Problem to solve>
Among the entries below, the lines from the one with "stretchy, cheesy texture." up to and including the one with "- 위의 코드가 실행되면" are to be restated exactly, without pictures.

Available records>

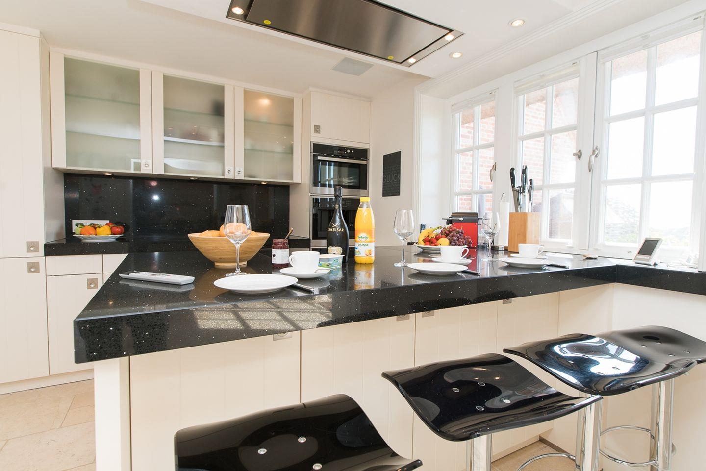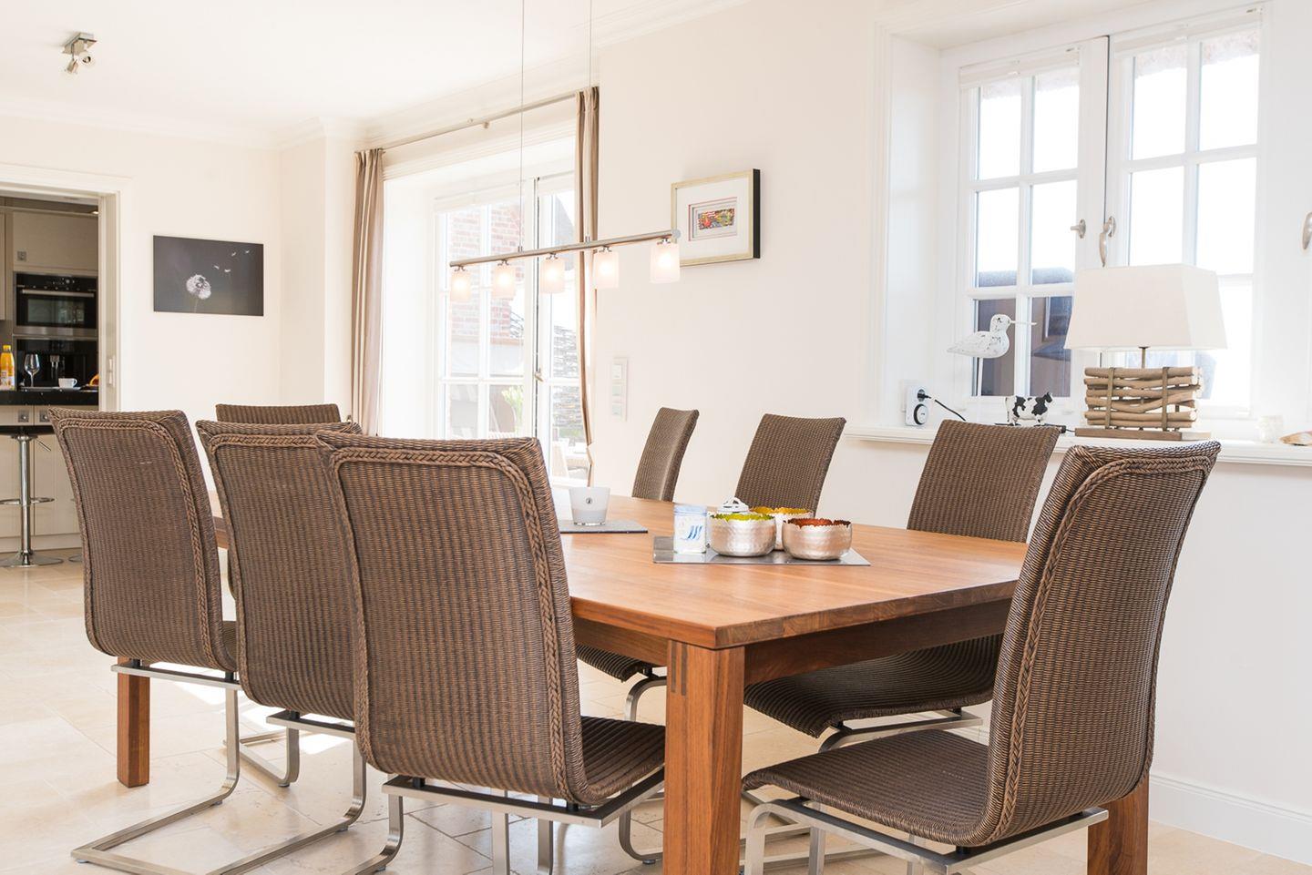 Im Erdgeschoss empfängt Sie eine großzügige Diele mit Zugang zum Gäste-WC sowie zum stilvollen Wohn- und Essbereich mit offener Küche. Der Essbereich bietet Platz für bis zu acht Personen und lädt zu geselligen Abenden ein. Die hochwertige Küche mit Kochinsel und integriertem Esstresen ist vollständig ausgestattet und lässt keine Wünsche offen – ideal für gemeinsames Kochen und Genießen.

==

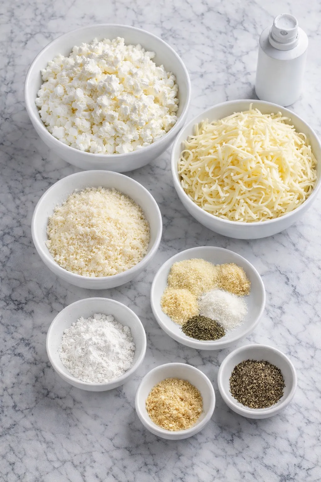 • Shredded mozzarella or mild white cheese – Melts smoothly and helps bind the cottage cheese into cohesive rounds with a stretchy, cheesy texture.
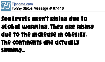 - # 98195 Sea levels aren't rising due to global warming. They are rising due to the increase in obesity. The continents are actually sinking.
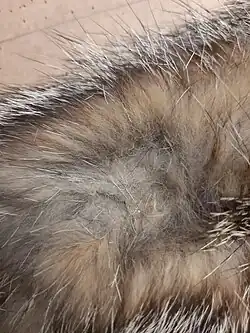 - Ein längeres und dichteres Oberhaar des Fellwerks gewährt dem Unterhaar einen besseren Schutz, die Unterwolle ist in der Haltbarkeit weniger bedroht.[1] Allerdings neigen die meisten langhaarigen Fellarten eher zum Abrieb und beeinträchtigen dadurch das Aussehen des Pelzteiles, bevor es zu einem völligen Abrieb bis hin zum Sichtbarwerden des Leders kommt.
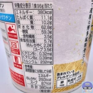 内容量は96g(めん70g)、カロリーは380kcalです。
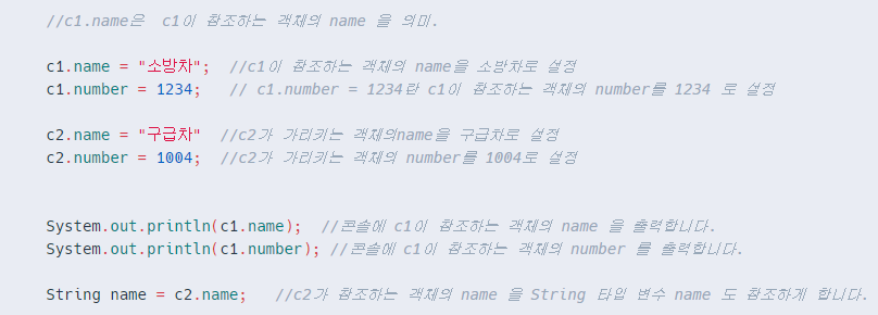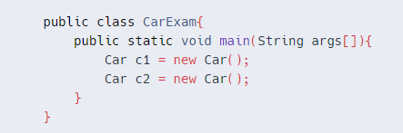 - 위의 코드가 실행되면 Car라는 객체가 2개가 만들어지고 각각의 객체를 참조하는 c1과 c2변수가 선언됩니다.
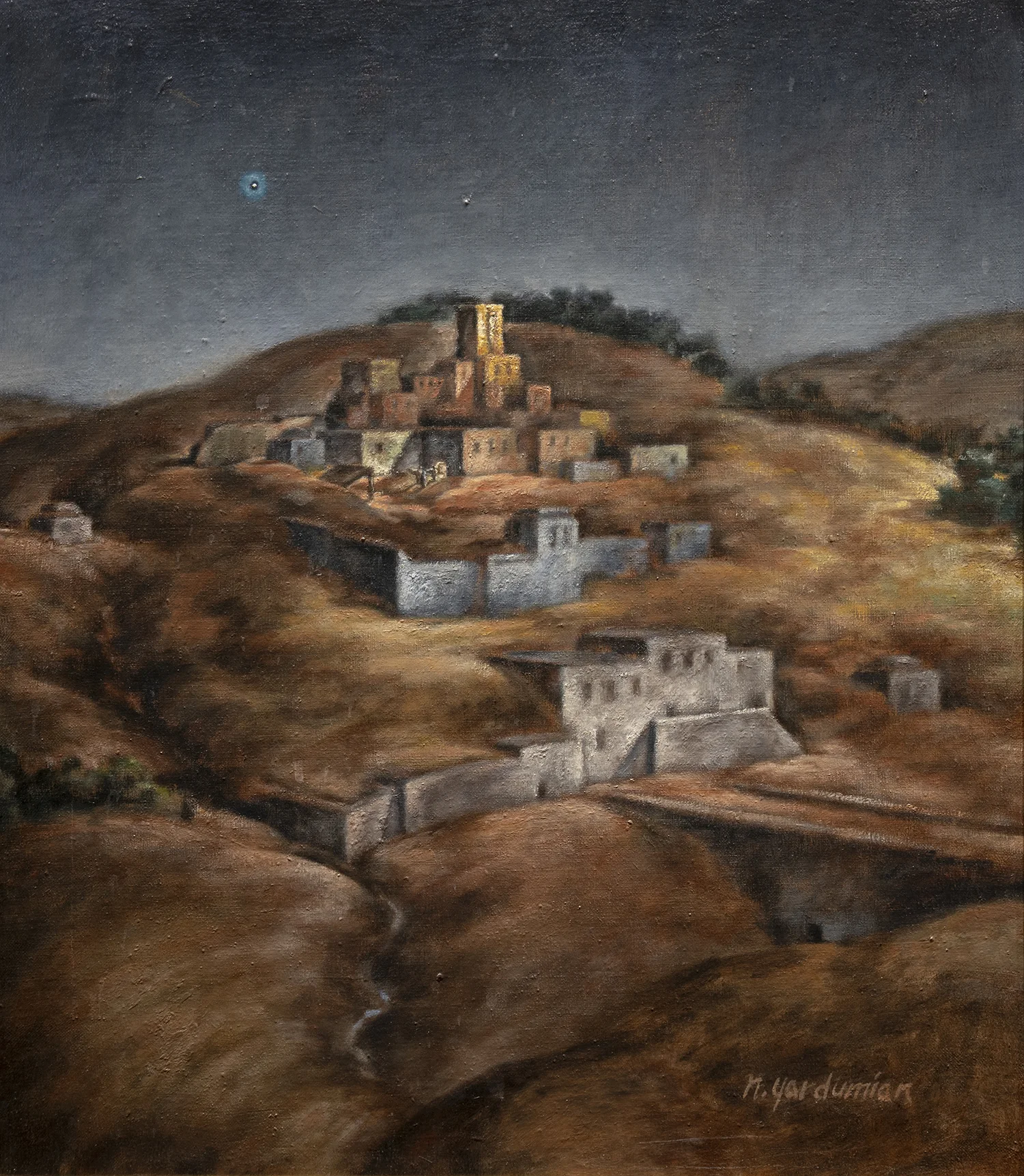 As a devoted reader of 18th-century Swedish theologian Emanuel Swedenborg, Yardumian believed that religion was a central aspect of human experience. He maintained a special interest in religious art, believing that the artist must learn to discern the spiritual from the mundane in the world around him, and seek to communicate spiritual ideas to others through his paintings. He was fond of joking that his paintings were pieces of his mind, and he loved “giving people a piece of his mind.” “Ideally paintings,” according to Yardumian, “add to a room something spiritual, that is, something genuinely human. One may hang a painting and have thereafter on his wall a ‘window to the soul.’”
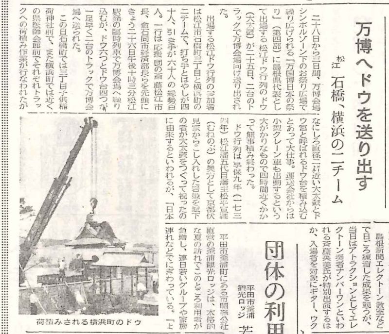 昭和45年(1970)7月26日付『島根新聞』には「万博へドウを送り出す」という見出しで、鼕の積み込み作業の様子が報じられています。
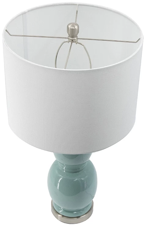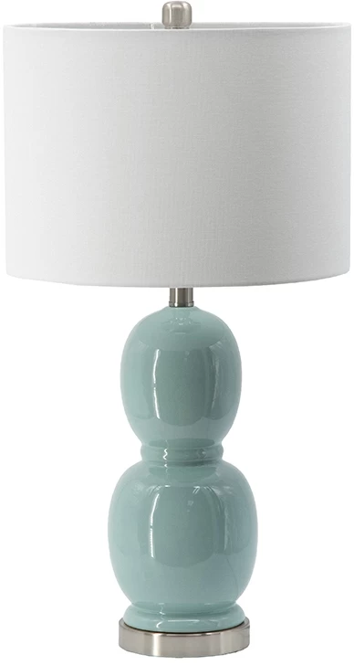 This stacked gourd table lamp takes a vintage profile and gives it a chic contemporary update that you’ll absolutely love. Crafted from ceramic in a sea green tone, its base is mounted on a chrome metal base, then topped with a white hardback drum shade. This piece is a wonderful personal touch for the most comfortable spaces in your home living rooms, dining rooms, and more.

...

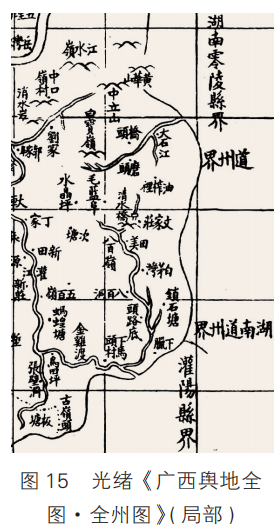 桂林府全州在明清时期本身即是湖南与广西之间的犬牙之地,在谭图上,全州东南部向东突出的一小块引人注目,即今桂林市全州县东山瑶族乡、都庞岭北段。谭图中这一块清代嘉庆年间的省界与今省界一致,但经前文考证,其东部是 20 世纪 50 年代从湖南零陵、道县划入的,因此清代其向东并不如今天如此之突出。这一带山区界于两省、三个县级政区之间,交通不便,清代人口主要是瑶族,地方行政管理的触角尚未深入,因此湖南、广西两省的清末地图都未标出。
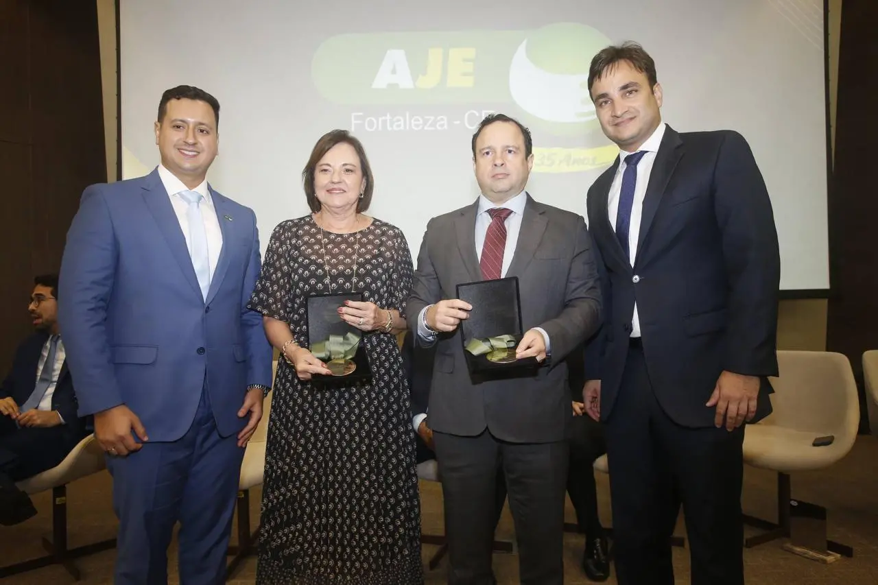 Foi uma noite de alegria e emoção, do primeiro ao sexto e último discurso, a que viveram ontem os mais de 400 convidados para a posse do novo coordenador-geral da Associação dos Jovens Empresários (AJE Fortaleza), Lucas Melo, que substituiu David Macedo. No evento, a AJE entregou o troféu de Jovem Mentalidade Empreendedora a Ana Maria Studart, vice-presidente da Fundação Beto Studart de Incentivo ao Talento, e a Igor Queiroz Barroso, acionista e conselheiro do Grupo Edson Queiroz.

Result>
 • Shredded mozzarella or mild white cheese – Melts smoothly and helps bind the cottage cheese into cohesive rounds with a stretchy, cheesy texture.
 - # 98195 Sea levels aren't rising due to global warming. They are rising due to the increase in obesity. The continents are actually sinking.
 - Ein längeres und dichteres Oberhaar des Fellwerks gewährt dem Unterhaar einen besseren Schutz, die Unterwolle ist in der Haltbarkeit weniger bedroht.[1] Allerdings neigen die meisten langhaarigen Fellarten eher zum Abrieb und beeinträchtigen dadurch das Aussehen des Pelzteiles, bevor es zu einem völligen Abrieb bis hin zum Sichtbarwerden des Leders kommt.
 内容量は96g(めん70g)、カロリーは380kcalです。
 - 위의 코드가 실행되면 Car라는 객체가 2개가 만들어지고 각각의 객체를 참조하는 c1과 c2변수가 선언됩니다.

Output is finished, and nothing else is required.